* EXERCISE DETAILS
Copy verbatim the block of lines in the entries below whose first line contains "Настройка OpenVPN клиента" and whose last line contains "- Jaguar God". Leave out all other lines.

* MATERIALS PROVIDED
# # #
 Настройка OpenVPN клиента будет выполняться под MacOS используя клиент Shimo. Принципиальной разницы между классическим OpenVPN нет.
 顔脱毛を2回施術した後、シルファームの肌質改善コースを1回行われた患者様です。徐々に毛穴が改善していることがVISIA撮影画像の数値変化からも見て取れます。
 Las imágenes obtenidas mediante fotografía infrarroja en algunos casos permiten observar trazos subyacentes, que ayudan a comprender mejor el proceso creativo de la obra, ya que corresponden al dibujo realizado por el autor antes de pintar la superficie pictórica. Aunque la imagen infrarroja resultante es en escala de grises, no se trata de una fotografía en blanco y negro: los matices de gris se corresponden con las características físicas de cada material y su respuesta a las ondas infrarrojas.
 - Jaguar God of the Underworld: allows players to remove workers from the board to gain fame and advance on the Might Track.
# # #
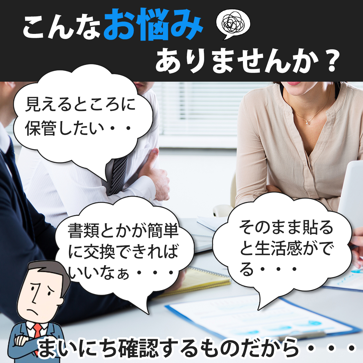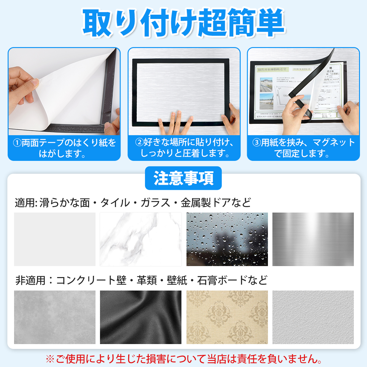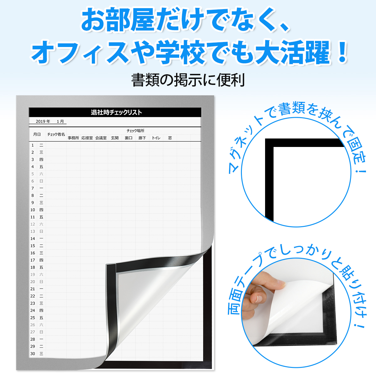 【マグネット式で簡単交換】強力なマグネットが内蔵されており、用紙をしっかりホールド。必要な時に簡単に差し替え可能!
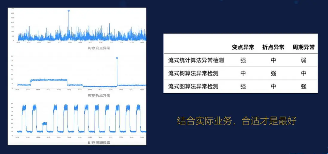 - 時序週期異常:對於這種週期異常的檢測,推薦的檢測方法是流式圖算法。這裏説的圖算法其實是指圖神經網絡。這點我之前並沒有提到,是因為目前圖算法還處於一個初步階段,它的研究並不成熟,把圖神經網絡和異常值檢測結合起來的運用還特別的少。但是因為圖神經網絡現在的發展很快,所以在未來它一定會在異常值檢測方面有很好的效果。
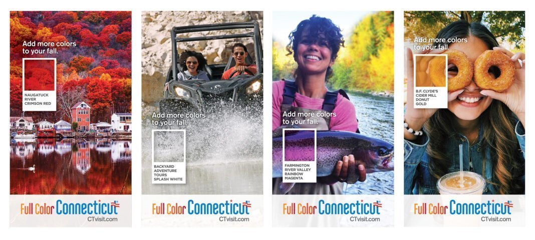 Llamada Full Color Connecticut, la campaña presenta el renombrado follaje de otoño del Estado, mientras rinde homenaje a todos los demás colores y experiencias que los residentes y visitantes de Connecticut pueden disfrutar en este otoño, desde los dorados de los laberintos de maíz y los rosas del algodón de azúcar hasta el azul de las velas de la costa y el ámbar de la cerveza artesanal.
# # #
* RESPONSE TO THE EXERCISE
 Настройка OpenVPN клиента будет выполняться под MacOS используя клиент Shimo. Принципиальной разницы между классическим OpenVPN нет.
 顔脱毛を2回施術した後、シルファームの肌質改善コースを1回行われた患者様です。徐々に毛穴が改善していることがVISIA撮影画像の数値変化からも見て取れます。
 Las imágenes obtenidas mediante fotografía infrarroja en algunos casos permiten observar trazos subyacentes, que ayudan a comprender mejor el proceso creativo de la obra, ya que corresponden al dibujo realizado por el autor antes de pintar la superficie pictórica. Aunque la imagen infrarroja resultante es en escala de grises, no se trata de una fotografía en blanco y negro: los matices de gris se corresponden con las características físicas de cada material y su respuesta a las ondas infrarrojas.
 - Jaguar God of the Underworld: allows players to remove workers from the board to gain fame and advance on the Might Track.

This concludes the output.